Problem statement
In the entries below, find every line holding the string "View" and collect it.

Data entries:

━━━━━━━━

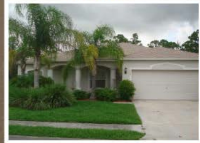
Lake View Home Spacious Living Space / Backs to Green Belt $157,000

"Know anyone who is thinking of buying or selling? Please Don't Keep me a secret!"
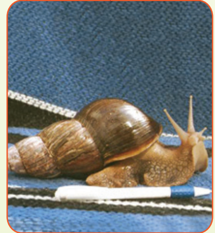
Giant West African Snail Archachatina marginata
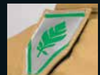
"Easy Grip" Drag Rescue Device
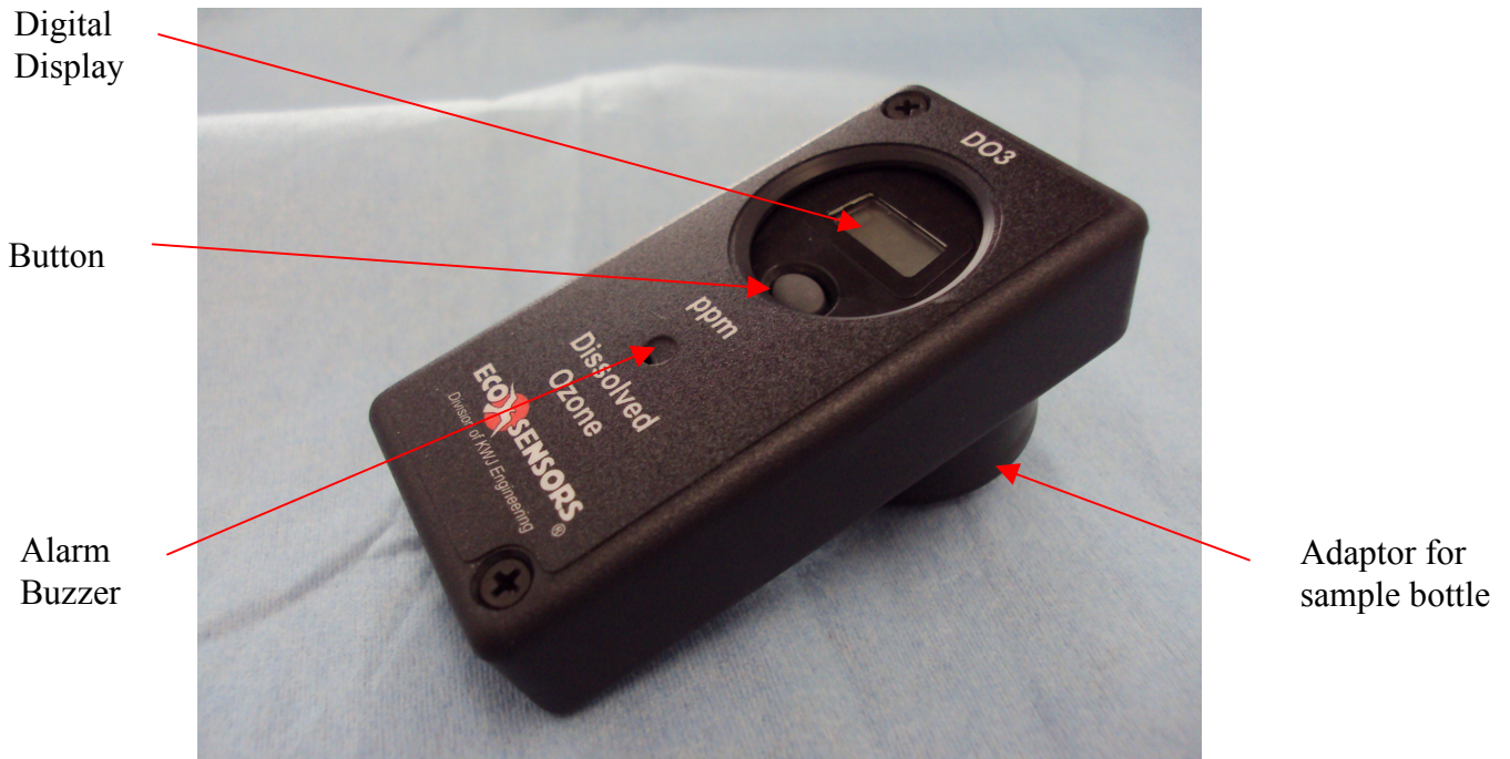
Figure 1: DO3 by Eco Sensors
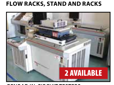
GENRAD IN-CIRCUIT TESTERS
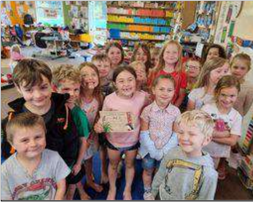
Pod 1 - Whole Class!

━━━━━━━━

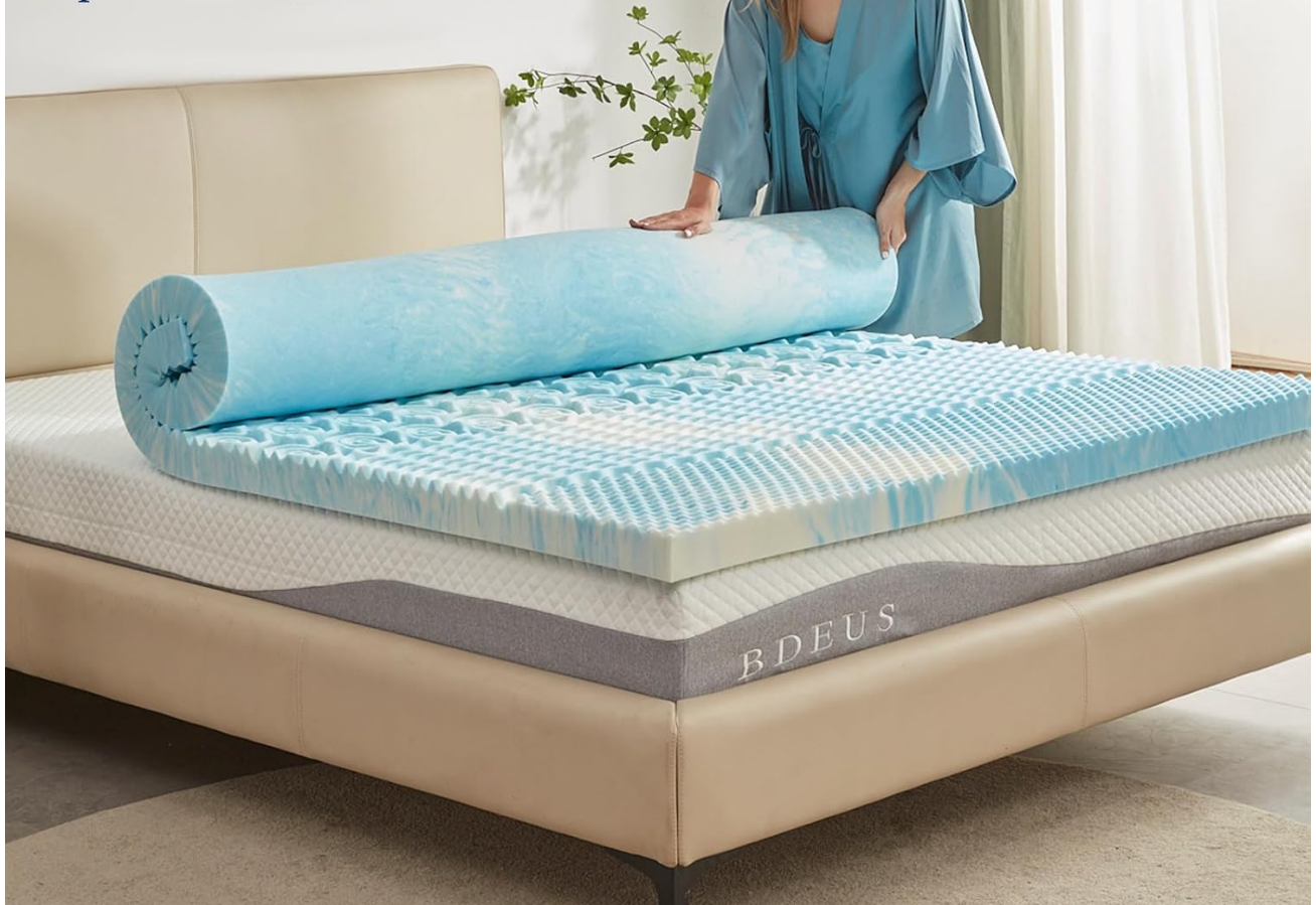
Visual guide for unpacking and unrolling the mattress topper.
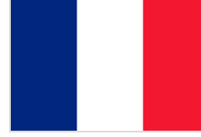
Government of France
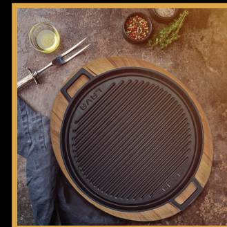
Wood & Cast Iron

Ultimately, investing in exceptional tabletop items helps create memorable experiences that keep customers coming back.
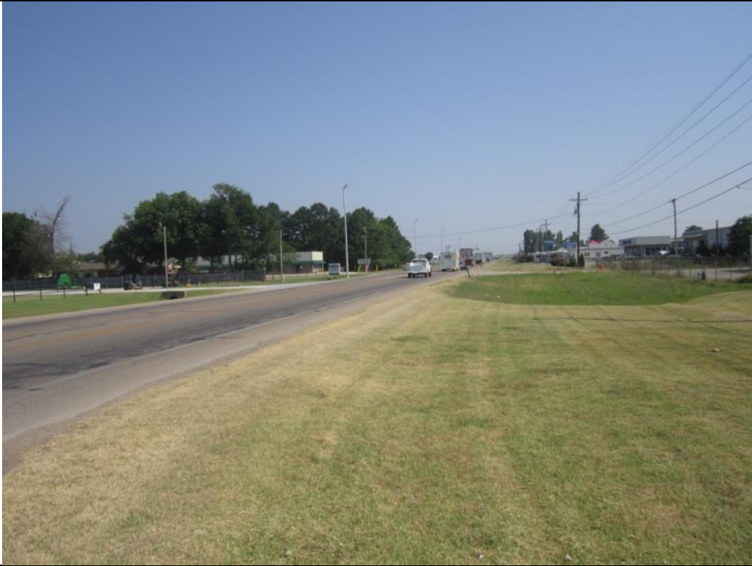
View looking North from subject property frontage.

━━━━━━━━

Solution to this exercise
Lake View Home Spacious Living Space / Backs to Green Belt $157,000
View looking North from subject property frontage.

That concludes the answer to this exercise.